R can be treated like a calculator. You can:

  • add numbers (+)
  • subtract numbers (-)
  • multiply numbers (*)
  • divide numbers (/)
  • raise a number to a power (^)

Just as on a graphing calculator, parentheses can be used to clarify the order of operations.

Here are some examples:

To get \(\frac{27-3}{10}\), use:

(27-3)/10
## [1] 2.4

To get \(3^2 + 4^2\) try:

3^2+4^2
## [1] 25

Sometimes you’ll want to take roots. As with a calculator, you can accomplish this by raising your number to a fractional power. So if you want \(\sqrt[3]{64}\) then you could try:

64^(1/3)
## [1] 4

If you would like square roots then you can either raise your number to the \(1/2\)-power or you could use R’s special square-root function:

sqrt(64)
## [1] 8

One way or another, you can evaluate quite complex mathematical expressions. For example, to get \(\sqrt{3^2 + 4^2}\) simply type:

sqrt(3^2+4^2)
## [1] 5

1.2.2 Read-Evaluate-Print-Loop

So far you have been using R in what computer scientists call interactive mode. This means that you type something in at the console; R immedidately reads what you type and evaluates it, and prints the resulting value to the console for you to see.
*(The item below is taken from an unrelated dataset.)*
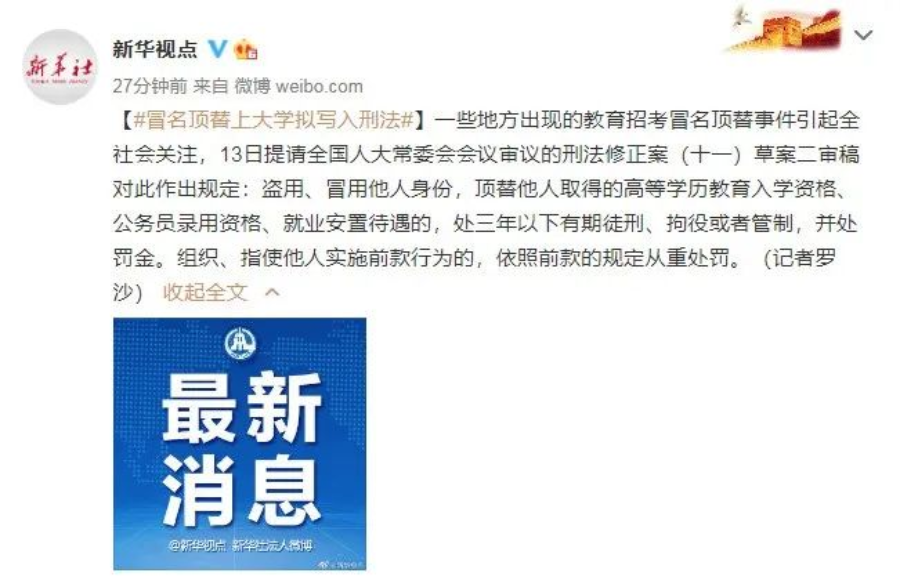 一些地方出現的教育招考冒名頂替事件引起全社會關注,13日提請全國人大常委會會議審議的刑法修正案(十一)草案二審稿對此作出規定:盜用、冒用他人身份,頂替他人取得的高等學歷教育入學資格、公務員錄用資格、就業安置待遇的,處三年以下有期徒刑、拘役或者管制,并處罰金。組織、指使他人實施前款行為的,依照前款的規定從重處罰。

Then you type something else, and so on. This back-and-forth process is often called the Read-Evaluate-Print-Loop, or REPL for short. R is one of several computer languages that make it easy for you to see the results of its computations in the console. That’s because it was originally designed for use by statisticians and data analysts, who often want to run a small procedure, check on the results and then try a new or related procedure and check on the results … until their analysis is complete. From our point of view as beginning programmers, though, the REPL makes it easy to see what R is doing and to get immediate feedback on the very simple programs that we are now writing.

1.2.3 Variables

Quite often you will want to use the same value several different times. You can so this by creating a variable with the assignment operator <-.

a <- 10

The previous statement puts the value 10 in the computer’s memory and causes the name a to be bound to it. This means that if you ask R to show you a, you’ll get that value:

a
## [1] 10

Now you can use a as much as you like. Whenever you use it, R will know that it stands for the value 10:

a + 23
## [1] 33
sqrt(a)
## [1] 3.162278

Later on if you want to bind the name a to a different value, you can do so, with another assignment-statement:

a <- 4
a + 23
## [1] 27

Let’s write some code to introduce creatures of various types. A creature should give his or her name, say what type of creature he or she is, and name a favorite food.

creatureType <-"Munchkin"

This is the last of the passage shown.